昨シーズンは鮮烈な登場だった。
トップリーグデビューとなった第10節ヤマハ発動機戦で、途中出場からいきなり初トライ。
以降はセンターの定位置を確保し、第15節までの5試合で3トライ。
その全てがチームにとってのファーストトライだったのだから、鮮やかだった。
「昨シーズンは1年目ということもあって、なにも考えずに思いきりできました。今シーズンは、アタック、ディフェンス共に、まずまずという感じです」
本人は謙虚にそう自己分析するが、2年目の今シーズンは第8節を終えて7試合に先発中。欠かせぬ戦力としてチームに貢献している。
天理中・高を経て関西大学に進んだ24歳は、この日、勝利の喜びを満喫している様子だった。
「コーラさんも展開してアグレッシブにくるチームです。今日はフォワードを中心に(試合を)作って、フォワードで圧倒するというところはできました」
開幕節の話題をさらった近鉄ライナーズの劇的“サヨナラ”ドロップゴール――あの日を敗者の側で味わってから、約2か月。
開幕7連敗を喫していた豊田自動織機シャトルズが、10月14日、静岡・エコパスタジアムで同じく0勝7敗のコカ・コーラレッドスパークスと対戦。
鋭いディフェンスを土台に、フォワードが力量差を披露するなどして6トライ47得点。
ホームゲームで待望のシーズン初勝利を手にした。
「織機はしっかり前に出るディフェンスから、ターンオーバーしてボールを動かす――ディフェンスからしっかりやるチームだと思っています」
そのディフェンスこそ、CTB松本の得意分野。この日も的確なタックルを披露した。
一方で、笑いを取るのは得意ではないという。
関西出身の“大物”お笑い芸人とは一文字違い。
関西(奈良)出身でこの名前だから、メリットもあればデメリットもある。
「初見で名前を紹介したら、絶対に憶えてもらえるというのは大きなメリットかなと思います。デメリットは、僕は正直おもしろくはないので(笑)。なにかおもしろい話をしてほしいと言われたらかなり困る、というのがデメリットというか(笑)。相手がビッグネームなので」
昨年の『ジャパンラグビートップリーグ2016-2017 OFFICIAL FANBOOK』(選手名鑑)。
自身のプロフィール欄外にあるひと言コメントは、「名前負けしない活躍を期待」だった。
それが今年のオフィシャルファンブックでは「昨季大活躍。全試合出場目指す」に変わった。
笑いではなくトライを取る――豊田自動織機の松本“仁”志の存在が、広く知られつつある。

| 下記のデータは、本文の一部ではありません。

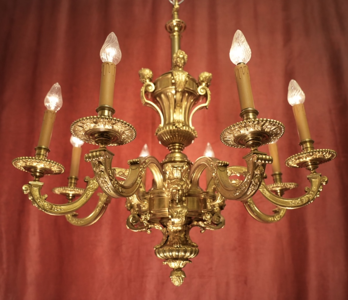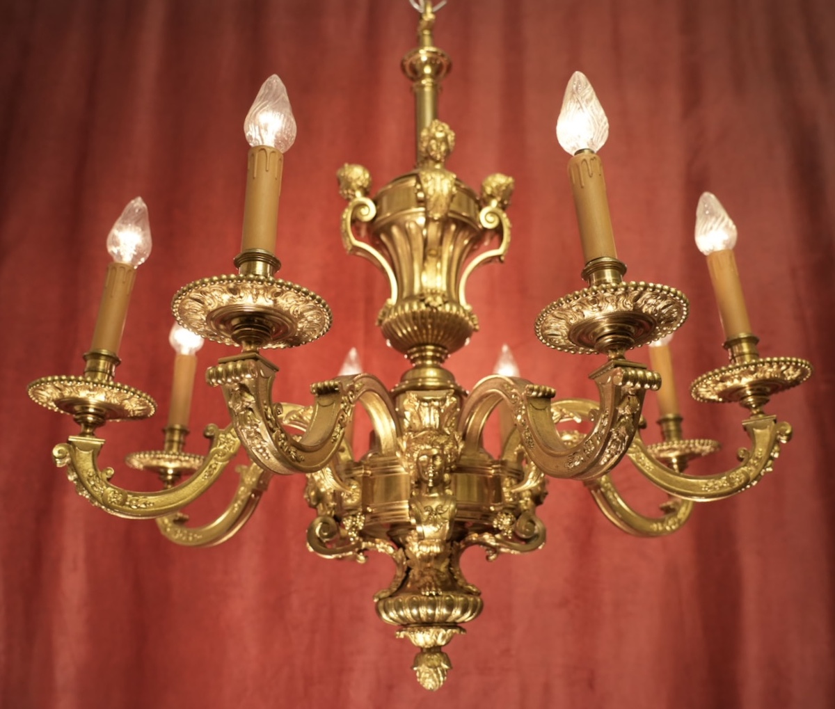 wunderschöner antiker Mazazin Kronleuchter Bronze 8 flammig

次節は10月21日、トヨタ自動車ヴェルブリッツと愛知・パロマ瑞穂ラグビー場で対戦。
“トヨタダービー”だ。
「この一勝が織機としても自信になったと思います。次は好調なトヨタ自動車さんなので、ディフェンスでしっかり止めて、いい流れをもっていけるようにしたいです」
信頼の厚いディフェンスのみならず、度胸満点の突進、ラインブレイクから走り切るスピードを武器に、伸び盛りの24歳がダービーマッチに臨む。